((

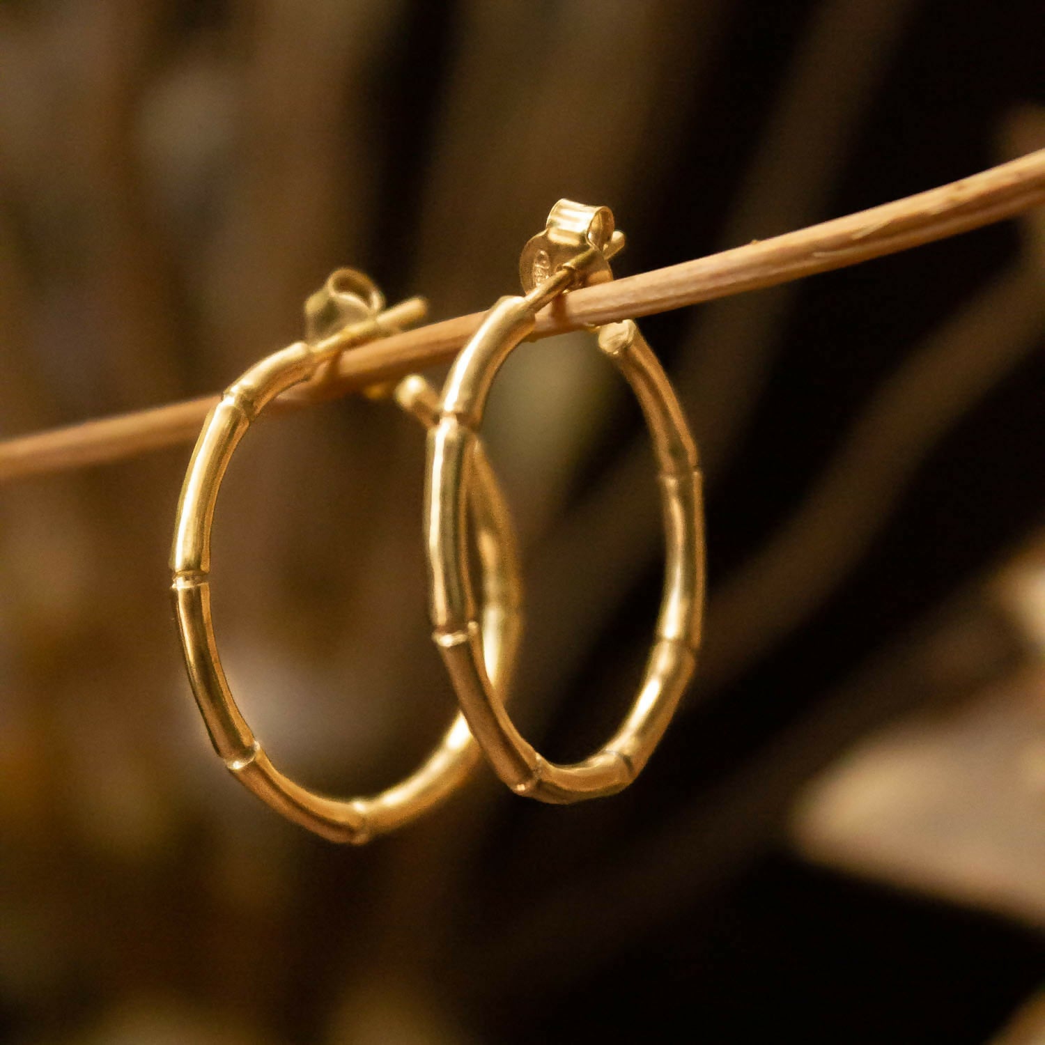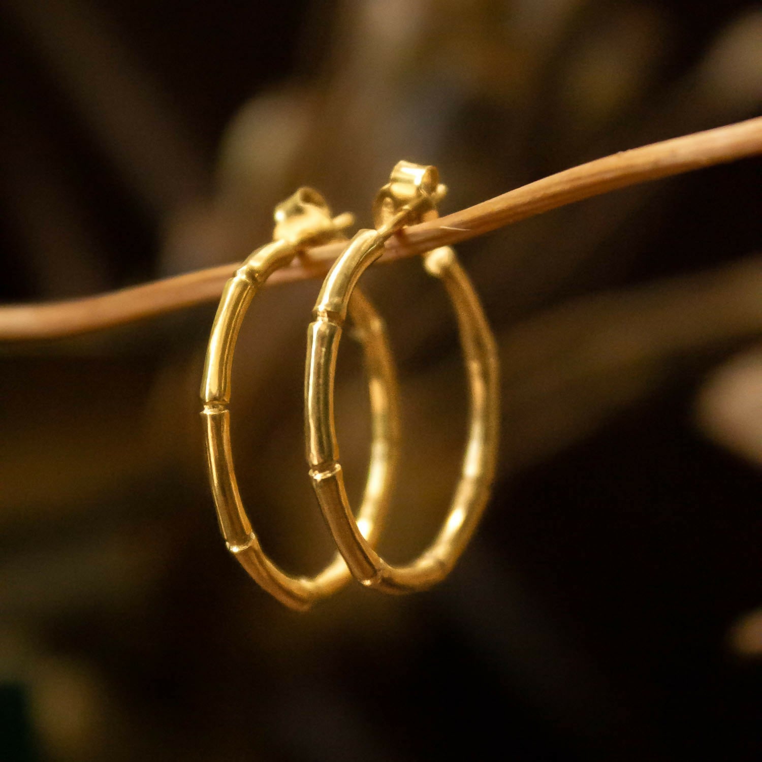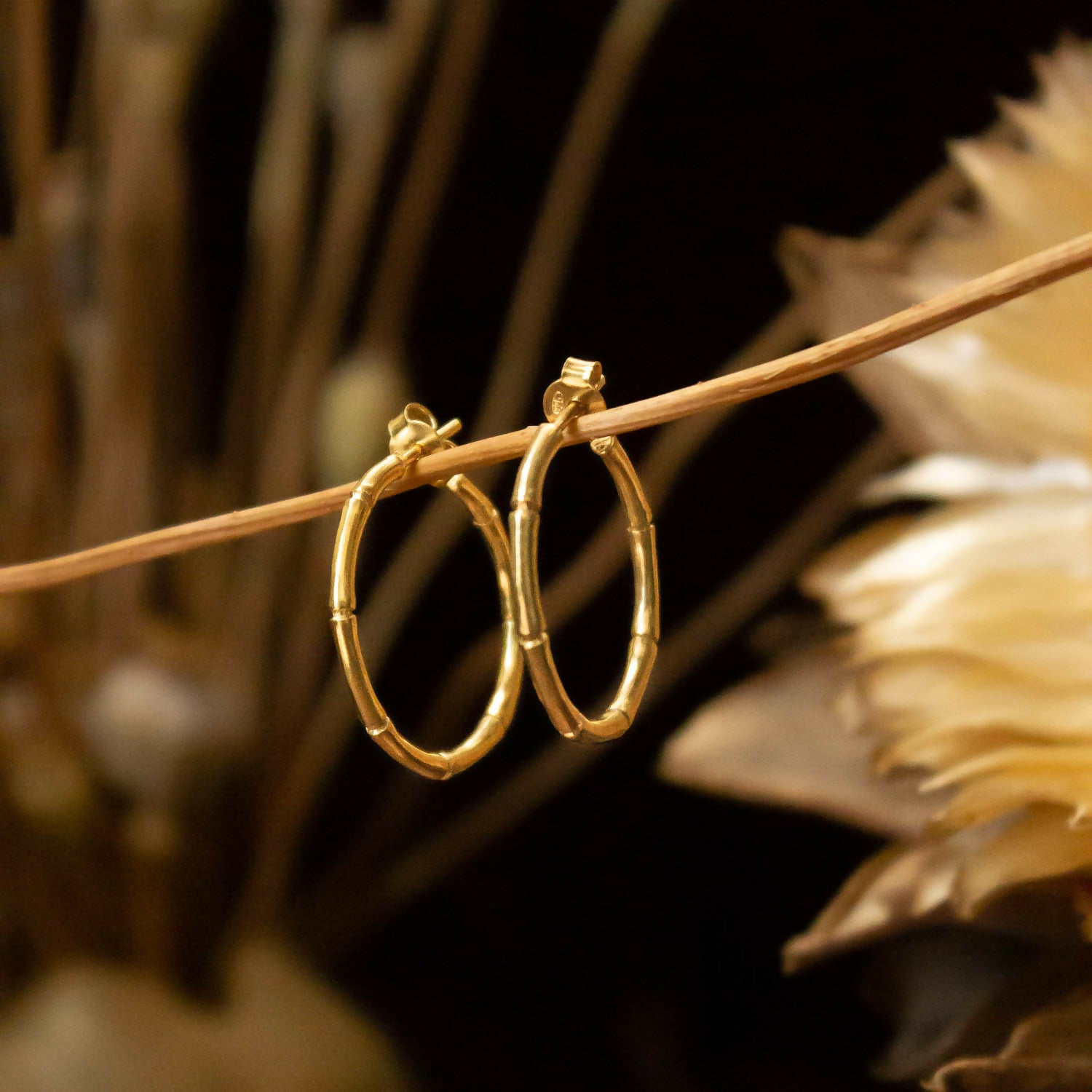 Aros de tipo argolla inspirados en la planta de bamboo. Pertenecen a la colección Flora, están hechos a mano construidos a partir de distintas técnicas en metal. Hechos en plata 950 y enchapados en oro.
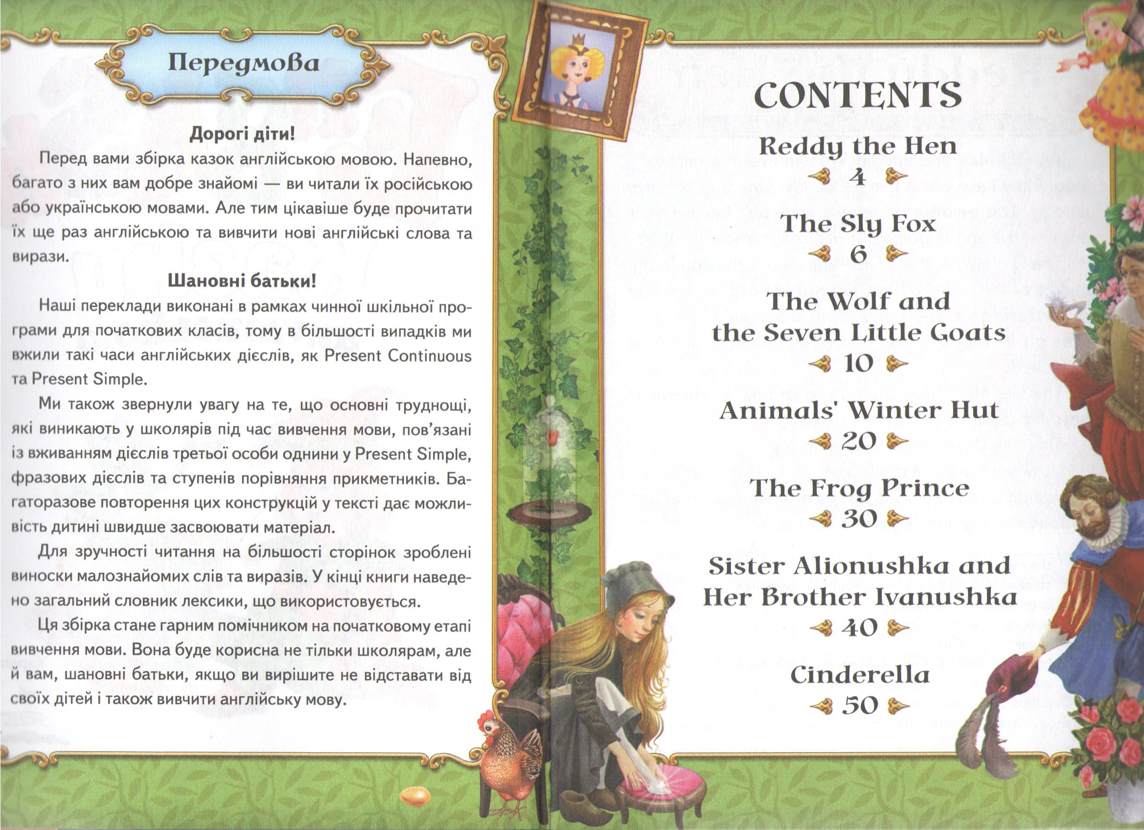 В сборник вошли следующие сказки: «Курочка Ряба», «Хитрый лис», «Волк и семеро козлят», «Зимовье зверей», «Король-лягушонок», «Сестрица Алёнушка и братец Иванушка», «Золушка».
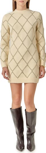 Luxe comfort takes center stage in this diamond-patterned sweater dress with a relaxed silhouette and polished vibe.

))

### DIRECTIONS
Make an exact copy of the listing above. Do not include the pictures.

### EXPECTED ANSWER
 Aros de tipo argolla inspirados en la planta de bamboo. Pertenecen a la colección Flora, están hechos a mano construidos a partir de distintas técnicas en metal. Hechos en plata 950 y enchapados en oro.
 В сборник вошли следующие сказки: «Курочка Ряба», «Хитрый лис», «Волк и семеро козлят», «Зимовье зверей», «Король-лягушонок», «Сестрица Алёнушка и братец Иванушка», «Золушка».
 Luxe comfort takes center stage in this diamond-patterned sweater dress with a relaxed silhouette and polished vibe.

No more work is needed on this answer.